Ha, I have a Rangeman too. I should have said, it's less of a snagging things while riding, it's more having something on my wrist should I hit the deck, again.


----------



## zooky (Jan 24, 2021)

Apple Watch S7 here. Record runs using a mix of the stock work out app, strava and workoutdoors.


----------



## Bearish (11 mo ago)

Had a Apple Watch Series 3 for a few years. Great integration but too much stuff dinging and buzzing all the time when everything is tied in. Had to turn off or delete stuff to find the correct balance. Good life watch overall when dialed in to preference. Grew to love it. Then I had that one spill where I hit it on a rock right at the edge of glass. Done.

After several weeks of research and deliberation, decided to try Garmin Fenix 6x Pro. Battery life 10x longer was the ultimate deciding factor. 6 weeks in I was regretting it. Much more limited on the urban life side, not near as comfortable, takes a lot of tinkering to get set right, hard to get used to clunky buttons after years of touch screen.

Didn’t get rid of it.
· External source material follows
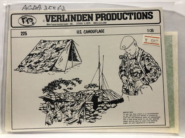 - VERLINDEN/バーリンデン 1/35 U.S.CAMOUFLAGE カモフラージュ 迷彩 テント 服 デカール シート 225 PM04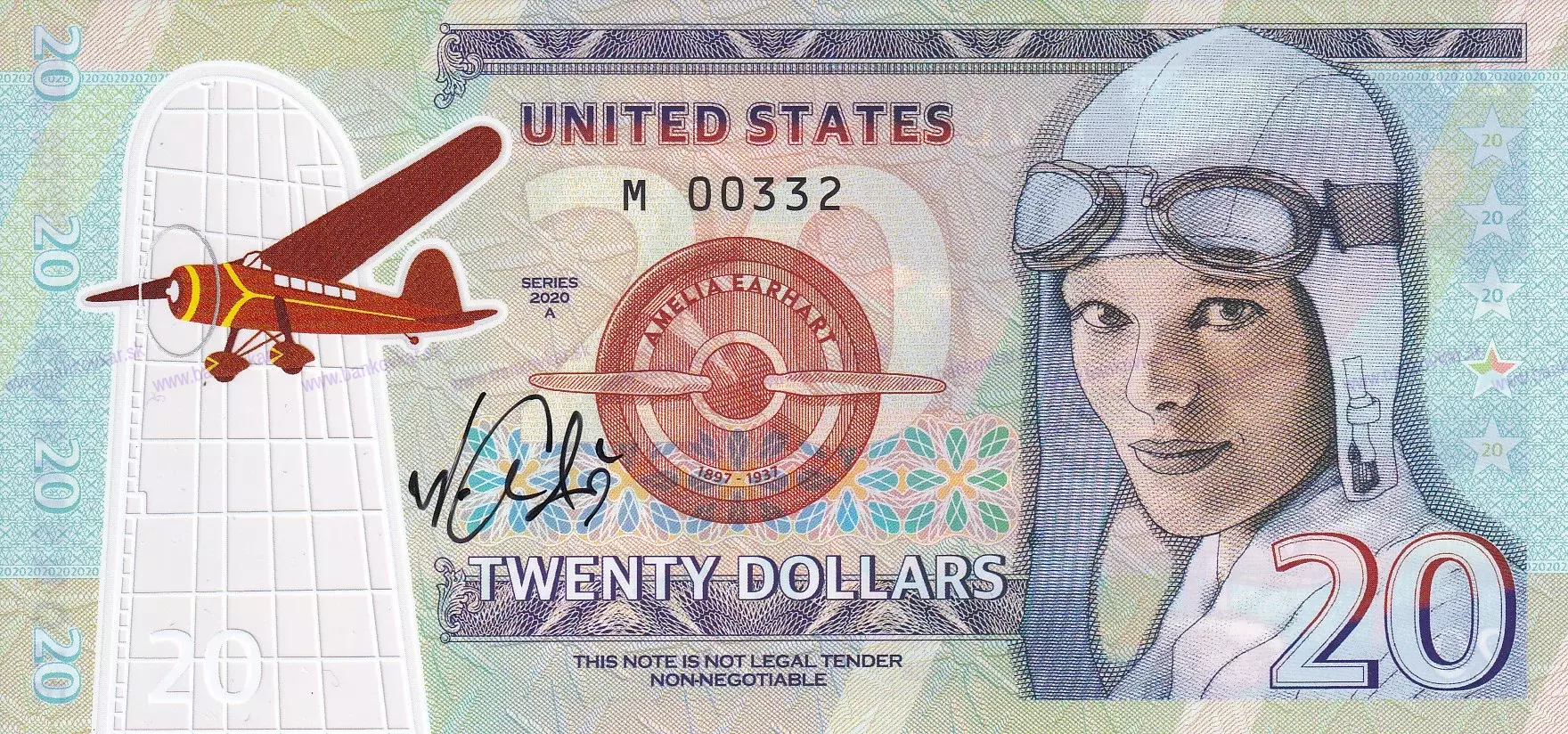 | Predná strana: | Amelia Mary Earhartová (* 24. júl 1897, Atchison – nezvestná od 2. júla 1937, pravdepodobne na atole Nikumaroro) bola americká pilotka, ktorá ako prvá žena v roku 1928 preletela Atlantický oceán. Pri pokuse uskutočniť let okolo sveta v roku 1937 záhadne zmizla počas letu nad Tichým oceánom. | |||

A year later and I am fully used to and in sync with it. It has broken me in. Love not having to charge it every day. Week long camping trip with no charger, no problem. My wife can see where I am at in my ride. The screen is always easily visible no matter the lighting. I don’t have to wake it up and my gloves don’t press things like when the Apple Watch isn’t locked.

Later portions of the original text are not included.